• SOURCE DATA:
☆ ☆ ☆ ☆

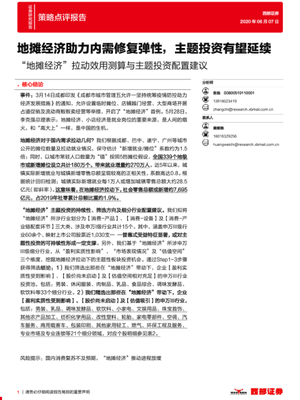 【西部证券】【20200607】“地摊经济”拉动效用测算与主题投资配置建议:地摊经济助力内需修复弹性,主题投资有望延续-12页 行业研究
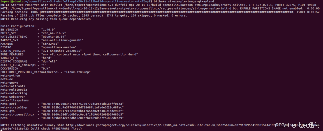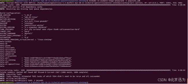 但我们还需要构建交叉编译工具链,所以我们还需要在当前路径下使用以下命令,编译完成如下图所示(注意该工具链编译可能会卡在某一个地方,造成编译失败,可以直接使用我们提供好的交叉编译工具链,存放路径为“iTOP-STM32MP157开发板网盘资料汇总03_文件系统源码和镜像06_yocto文件系统03_交叉编译器”):
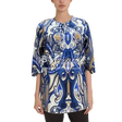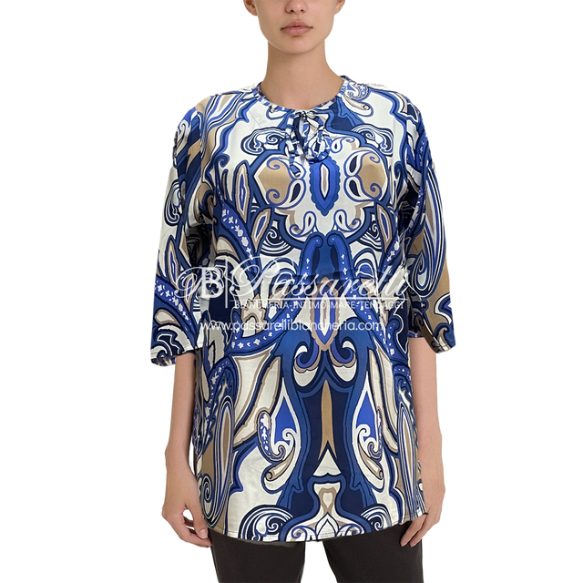 Girocollo con laccetti e maniche 3/4, è impreziosita da fantasie  che la rendono fresca e dallo stile primaverile.

☆ ☆ ☆ ☆

Your task is to return the lines above, from the first one up to and including the line containing "但我们还需要构建交叉编译工具", minus any pictures.

• RESULT OF THIS TASK:
 【西部证券】【20200607】“地摊经济”拉动效用测算与主题投资配置建议:地摊经济助力内需修复弹性,主题投资有望延续-12页 行业研究
 但我们还需要构建交叉编译工具链,所以我们还需要在当前路径下使用以下命令,编译完成如下图所示(注意该工具链编译可能会卡在某一个地方,造成编译失败,可以直接使用我们提供好的交叉编译工具链,存放路径为“iTOP-STM32MP157开发板网盘资料汇总03_文件系统源码和镜像06_yocto文件系统03_交叉编译器”):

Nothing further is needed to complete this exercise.